Given records:
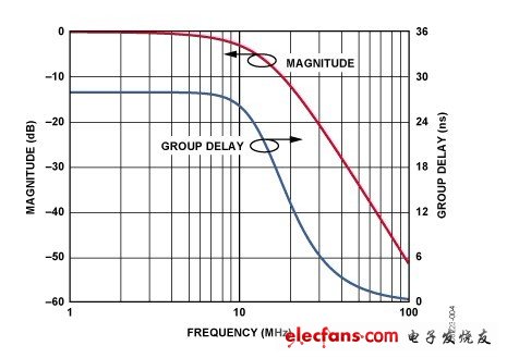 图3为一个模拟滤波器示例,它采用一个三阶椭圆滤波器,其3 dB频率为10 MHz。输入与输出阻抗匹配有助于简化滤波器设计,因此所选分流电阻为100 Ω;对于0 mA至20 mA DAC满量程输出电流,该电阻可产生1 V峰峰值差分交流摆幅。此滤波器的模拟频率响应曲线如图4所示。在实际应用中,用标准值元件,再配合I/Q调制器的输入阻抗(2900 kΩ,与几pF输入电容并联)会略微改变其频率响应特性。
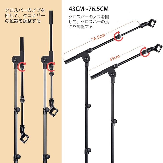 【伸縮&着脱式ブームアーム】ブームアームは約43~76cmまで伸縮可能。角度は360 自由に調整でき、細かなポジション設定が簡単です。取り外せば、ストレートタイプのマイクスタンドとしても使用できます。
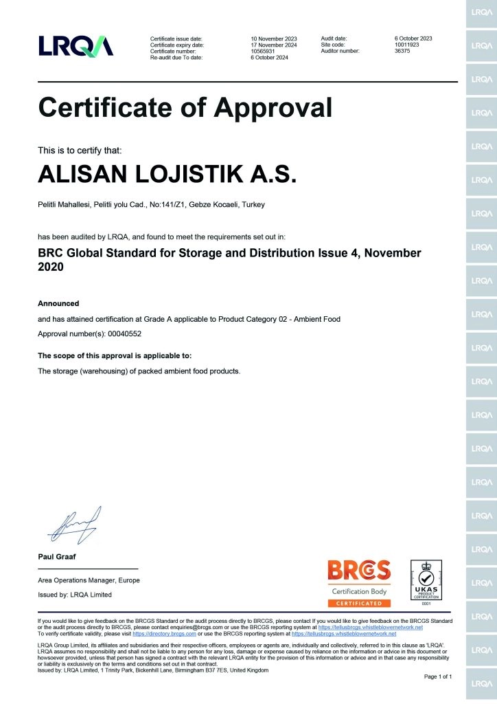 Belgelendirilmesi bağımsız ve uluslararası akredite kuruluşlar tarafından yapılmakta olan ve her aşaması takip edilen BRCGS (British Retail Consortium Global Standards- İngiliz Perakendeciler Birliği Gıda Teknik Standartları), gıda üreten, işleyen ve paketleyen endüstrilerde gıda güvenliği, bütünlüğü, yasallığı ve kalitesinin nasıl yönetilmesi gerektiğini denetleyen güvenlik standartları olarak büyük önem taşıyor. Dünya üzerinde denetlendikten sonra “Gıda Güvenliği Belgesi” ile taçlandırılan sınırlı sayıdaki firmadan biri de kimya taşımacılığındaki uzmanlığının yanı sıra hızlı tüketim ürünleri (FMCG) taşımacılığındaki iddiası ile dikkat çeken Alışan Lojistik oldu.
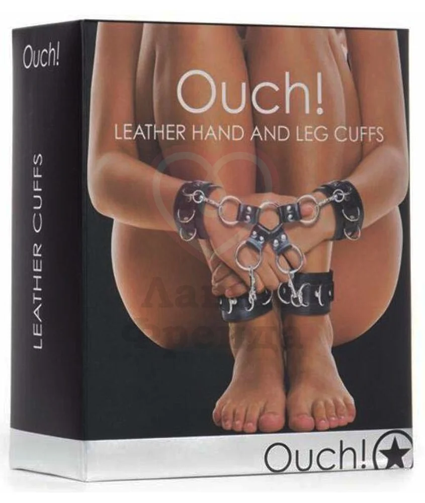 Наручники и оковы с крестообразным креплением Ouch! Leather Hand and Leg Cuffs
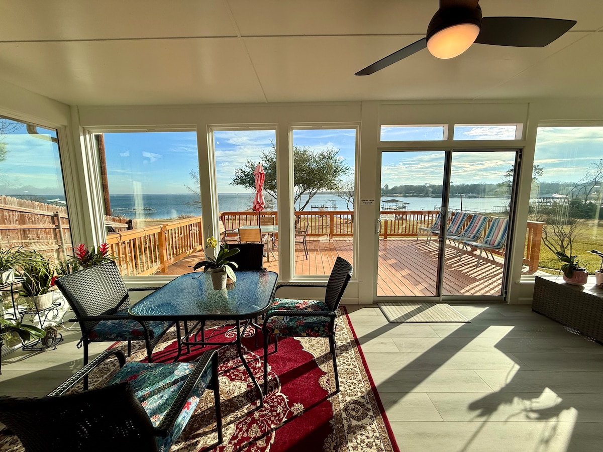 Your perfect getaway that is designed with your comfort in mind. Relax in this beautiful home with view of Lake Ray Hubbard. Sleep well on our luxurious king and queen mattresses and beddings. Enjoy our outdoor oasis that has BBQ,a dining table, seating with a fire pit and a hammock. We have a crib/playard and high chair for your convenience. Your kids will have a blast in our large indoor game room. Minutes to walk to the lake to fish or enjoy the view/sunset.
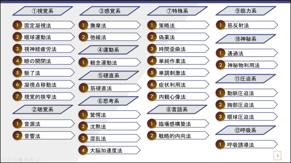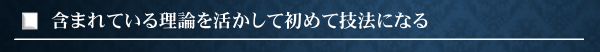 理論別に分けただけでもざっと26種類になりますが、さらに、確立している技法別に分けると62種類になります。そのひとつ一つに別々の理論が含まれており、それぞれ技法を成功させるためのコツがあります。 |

* * *

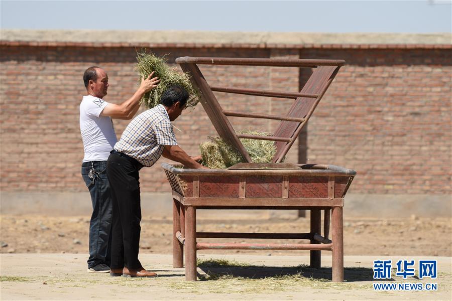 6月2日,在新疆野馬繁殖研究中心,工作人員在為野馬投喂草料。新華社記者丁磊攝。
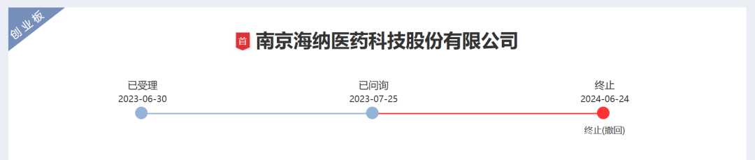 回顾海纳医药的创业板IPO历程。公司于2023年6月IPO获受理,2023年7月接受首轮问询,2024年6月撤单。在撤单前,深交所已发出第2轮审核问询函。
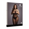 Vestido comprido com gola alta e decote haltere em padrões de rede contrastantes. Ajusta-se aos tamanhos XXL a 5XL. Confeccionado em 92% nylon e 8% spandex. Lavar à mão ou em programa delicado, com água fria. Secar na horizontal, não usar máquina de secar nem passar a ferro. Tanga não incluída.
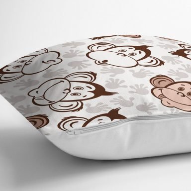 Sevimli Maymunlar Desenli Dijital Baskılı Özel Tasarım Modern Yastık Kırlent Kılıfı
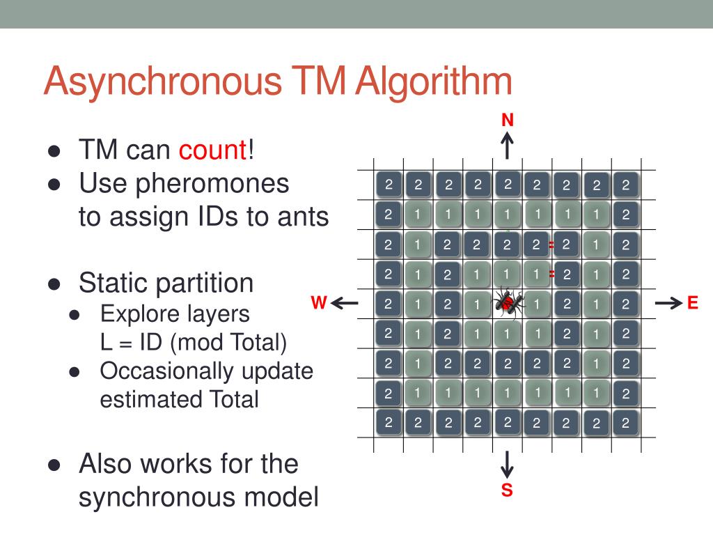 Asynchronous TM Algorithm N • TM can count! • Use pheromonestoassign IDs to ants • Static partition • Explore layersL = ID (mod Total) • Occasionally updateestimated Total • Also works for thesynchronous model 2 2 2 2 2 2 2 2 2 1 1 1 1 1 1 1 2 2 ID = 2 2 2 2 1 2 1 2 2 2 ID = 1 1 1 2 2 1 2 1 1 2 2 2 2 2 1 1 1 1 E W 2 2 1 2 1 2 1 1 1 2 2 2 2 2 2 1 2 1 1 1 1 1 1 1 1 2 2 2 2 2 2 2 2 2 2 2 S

--

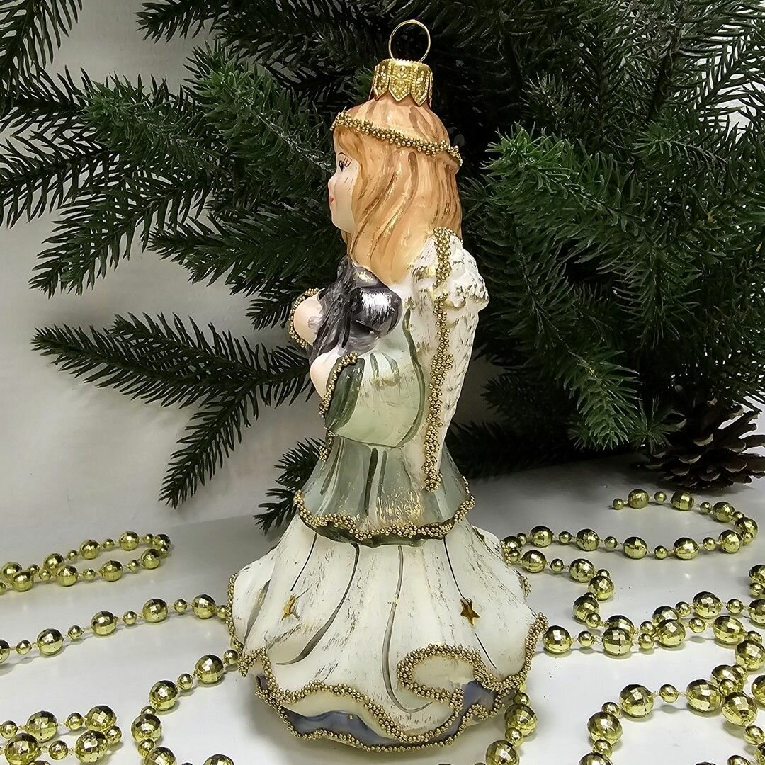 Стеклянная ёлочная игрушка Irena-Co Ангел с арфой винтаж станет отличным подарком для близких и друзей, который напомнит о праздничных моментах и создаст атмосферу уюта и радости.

Directions: Write out exactly the run of lines above that starts at the line containing "Sevimli Maymunlar Desenli" and ends at the line containing "Asynchronous TM Algorithm". Include both, and leave the pictures out.

Task answer:
 Sevimli Maymunlar Desenli Dijital Baskılı Özel Tasarım Modern Yastık Kırlent Kılıfı
 Asynchronous TM Algorithm N • TM can count! • Use pheromonestoassign IDs to ants • Static partition • Explore layersL = ID (mod Total) • Occasionally updateestimated Total • Also works for thesynchronous model 2 2 2 2 2 2 2 2 2 1 1 1 1 1 1 1 2 2 ID = 2 2 2 2 1 2 1 2 2 2 ID = 1 1 1 2 2 1 2 1 1 2 2 2 2 2 1 1 1 1 E W 2 2 1 2 1 2 1 1 1 2 2 2 2 2 2 1 2 1 1 1 1 1 1 1 1 2 2 2 2 2 2 2 2 2 2 2 S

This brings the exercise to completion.